The state of immigration detention in Belgium

Kristien Vliegen, Removal centre Caricole, Belgium

The Jesuit Refugee Service Belgium recently released a new comprehensive report on the state of immigration detention in Belgium in 2021. This blog is based on an interview with Nicolas Wéry, Advocacy Officer at JRS Belgium, and author of the report.

 

Today, Belgium counts six immigration detention centres (centres fermés) that hold on average 6,000 to 8,000 people every year. The immigration detention system also includes five “return houses” (maisons de retour) for families with children. In both cases, the detention is intended to lead to the deportation of people in an irregular situation, and people stopped at the border, to a third country. But data show a different picture.

A punishment tool

Rather than being a tool to deport people, many in the civil society space see immigration detention as a punishment against people who are unable to get a residence permit . In this regard, JRS Belgium registers a certain proximity between immigration and criminal detention: a significant proportion of people who are held in immigration detention centres served a prison sentence, and were transferred to a closed centre at the end of it, de facto prolonging their detention. The punishment aspect becomes all the more visible when one considers that the immigration office can in principle return these people six months before their prison sentence ends: it is therefore doubtful that if the return did not happen within that period, it will happen while in immigration detention, in the absence of new elements.

“Effectiveness”

Despite the authorities touting detention as an effective tool to remove people from Belgium, data from the Immigration Office (Office des Etrangers) shows that it is not, as only just over a half of people in detention were actually deported in 2021. On the contrary, data shows that the longer people are held in detention, the lower the chances they will be deported.

In this framework, it is interesting to note who gets deported and for what reasons. Most of the returns concern Albanian nationals, who are more easily deported because Albania did not require negative COVID-19 tests to admit people to its territory, and the country easily accepts such returns arguably as a tool to ease its accession to the EU. Undocumented Albanians also appear to have less recourse to appeal procedures to counter detention and deportation. The data suggests that authorities target Albanian nationals precisely to ramp up deportation figures and strengthen their claim that immigration detention is a useful tool in migration management.

COVID-19

Despite leading to a reduced capacity of immigration detention centres in 2021, the COVID-19 pandemic made detention centres less accessible. JRS Belgium’s weekly visits were heavily disrupted throughout 2020, when they could not visit for four months, before regaining partial visiting access (one visitor instead of two). Throughout 2021, JRS Belgium did not have access to common spaces, which made it difficult to meet with new people in detention. Crucially, families and friends of people in detention also saw their visits restricted.Photo: (c) Kristien Vliegen, Immigration detention centre in Bruges, Belgium.

COVID-19 also meant that legal principles that underlie immigration detention were stretched to their limits.

This was first visible for the legality of detention itself. In principle, a person can be held in immigration detention if there is a realistic possibility that they can be returned to a third country. If not, the person should be released. This was not the case, for instance, for many Moroccan nationals, who were kept in detention despite their return to Morocco was practically impossible since the country had closed its borders.

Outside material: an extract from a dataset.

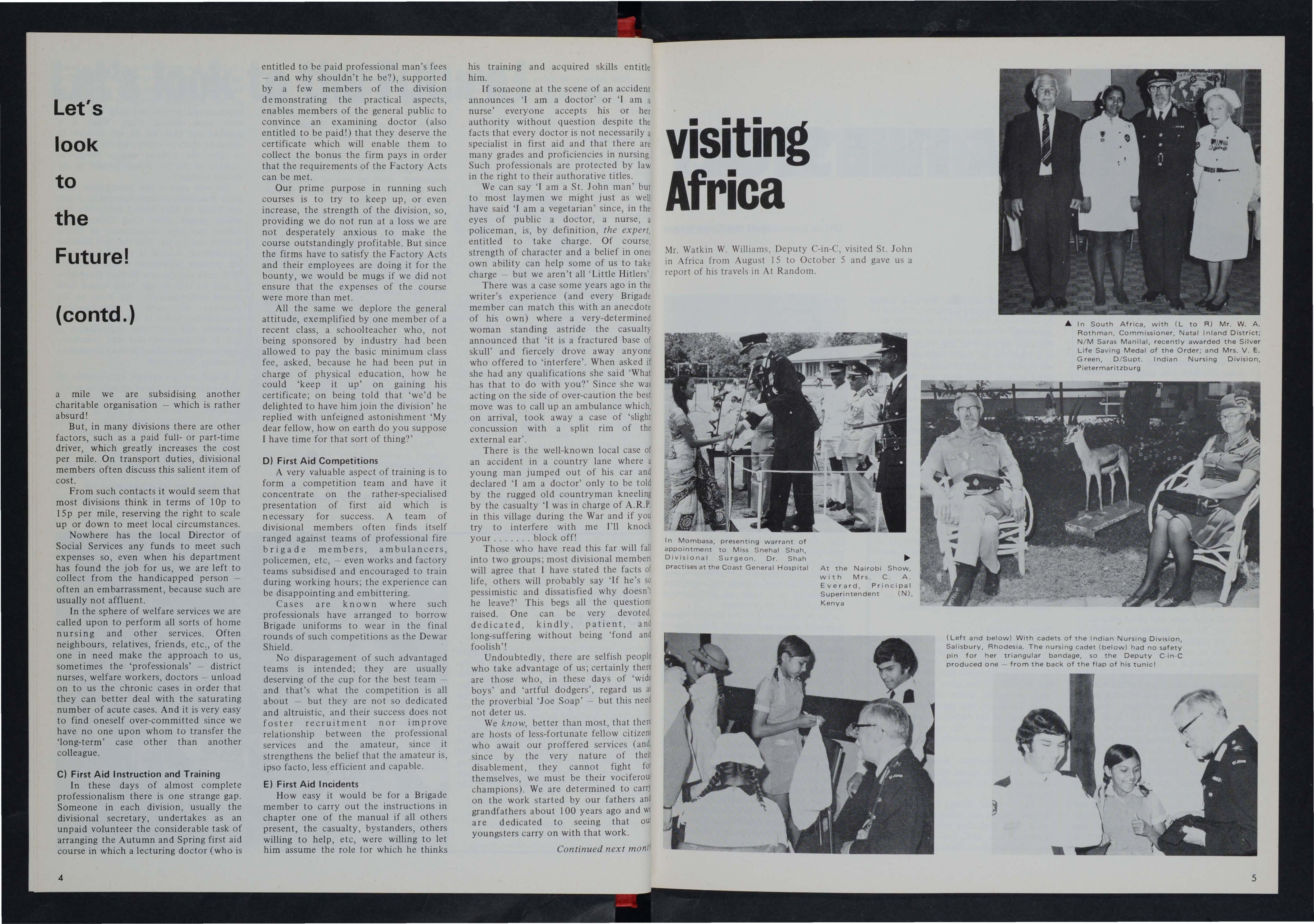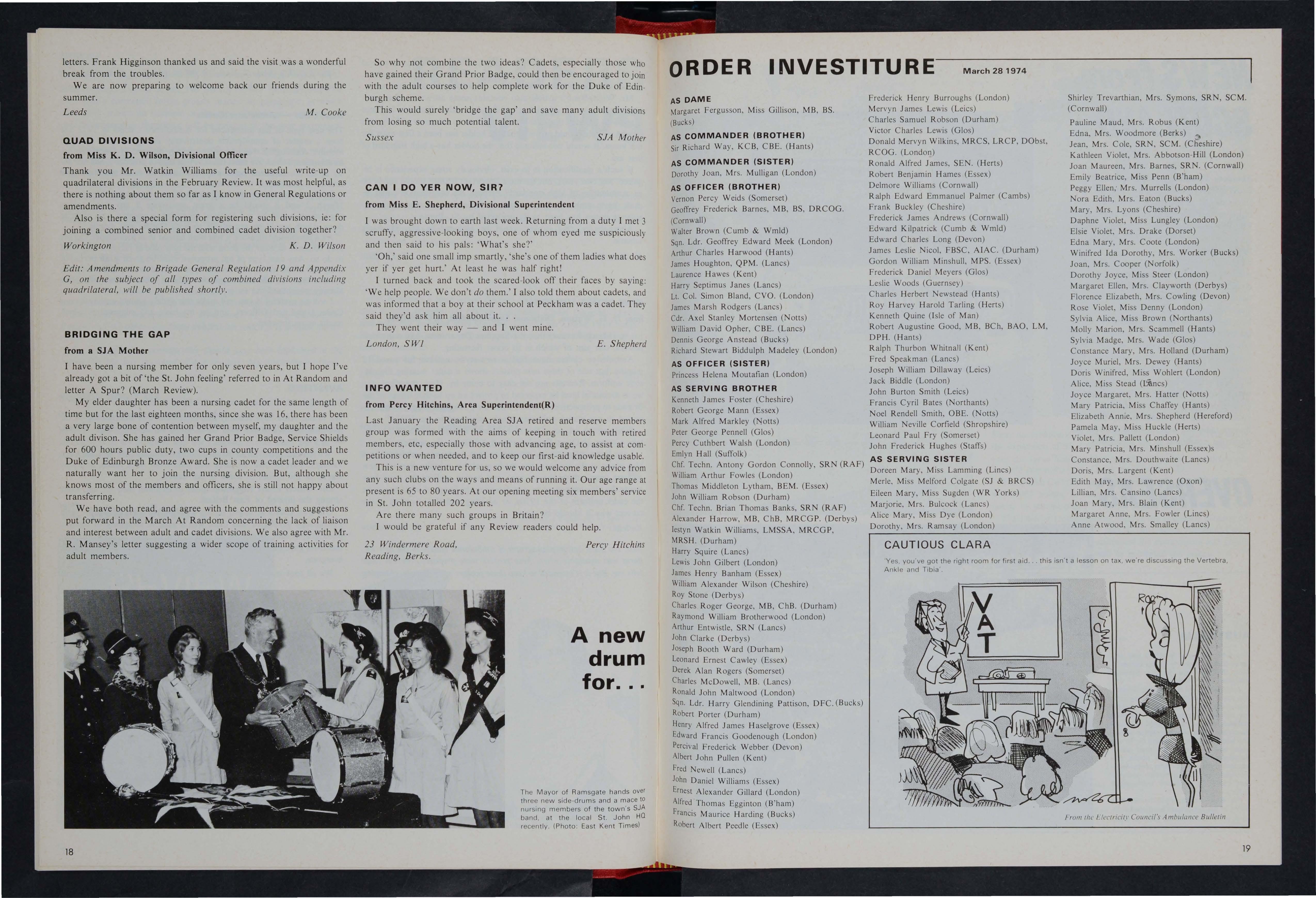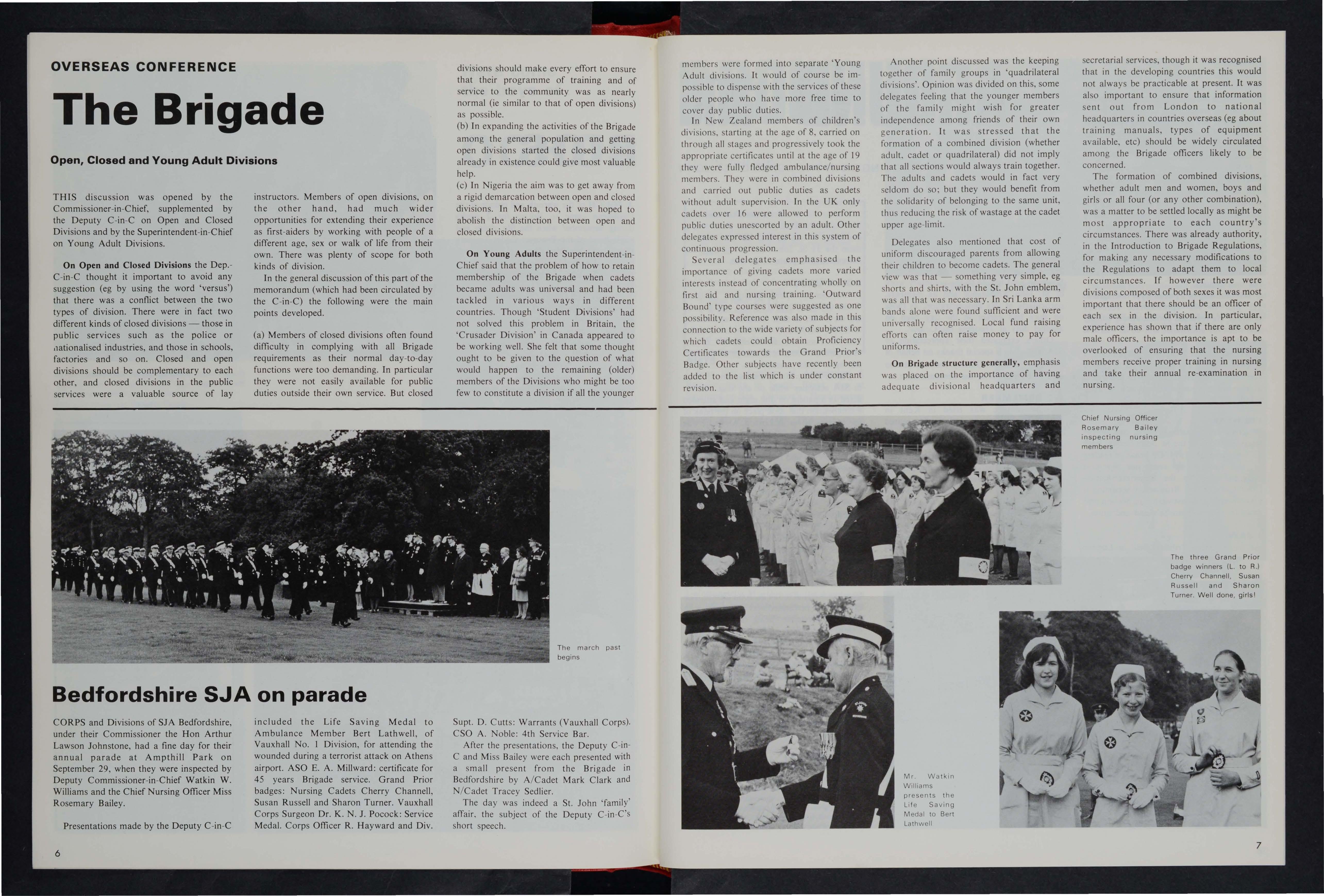 The salute was taken by Dr. Brian Price, Commissioner, Mid Glamorgan. He was accompanied at the saluting base by Dr. Manna Price; Dr. Roy Treasure, Assl. Commissioners Cynon Valley, and Dr. Sybil Treasure the Mayor and Mayoress of Cynon Valley; Lady Williams, DStJ, Chairman St. John Council; Asst. Commissioner(R) Mr. S. Sage; and Asst. Commissioner (Nursing) Mrs. R. M. Protheroe. The parade was led by District StafT Officers L. Rees and Mrs. P. Harrison - Roderick (R). Oil arrival at the church all were met by the vicar, the Rev G. H Bowen The Colour Party (Nursing Cadets) came from the Cwmaman Division, and the Code of Chivalry was read by a cadet also from Cwmaman Division. During the service, Dr. Brian Price presented the following awards:

Another challenge concerned the length of the detention. As many countries required negative tests to enter their territory, some detainees refused to get tested for personal convictions or for fears over leaving their life behind. In such cases, the authorities considered the day of the refusal to get tested as the first day of detention, effectively resetting the counter to zero. With this practice, a person could be detained for multiple periods of time, up to 18 months, which is the maximum length set by the EU Returns Directive.

More immigration detention

The current government coalition reached a political agreement in April 2022 to build three new immigration detention centres, leading to some 500 more places. Long a part of past governments’ agendas, the project is expected to be realised in the next years.

JRS Belgium understands that this expansion of immigration detention is motivated by the authorities’ belief that more centres will lead to more removals. This discourse is present in many other EU countries, and is being promoted at the EU level by the 2020 EU Migration Pact’s focus on detention as a migration management tool.Photo: (c) Kristien Vliegen, Immigration detention centre in Merksplas, Belgium.

JRS Belgium has been monitoring immigration detention in the country for years, including through teams who visit the detention centres and talk to people in detention every week. Their latest report is based on material gathered during such visits, and includes official data from the  Immigration Office (Office des Etrangers). A monitoring report of immigration detention in Belgium will be published every year.

JRS Belgium also runs the Plan Together pilot project on alternatives to detention, through which they assist undocumented people through their migration procedures.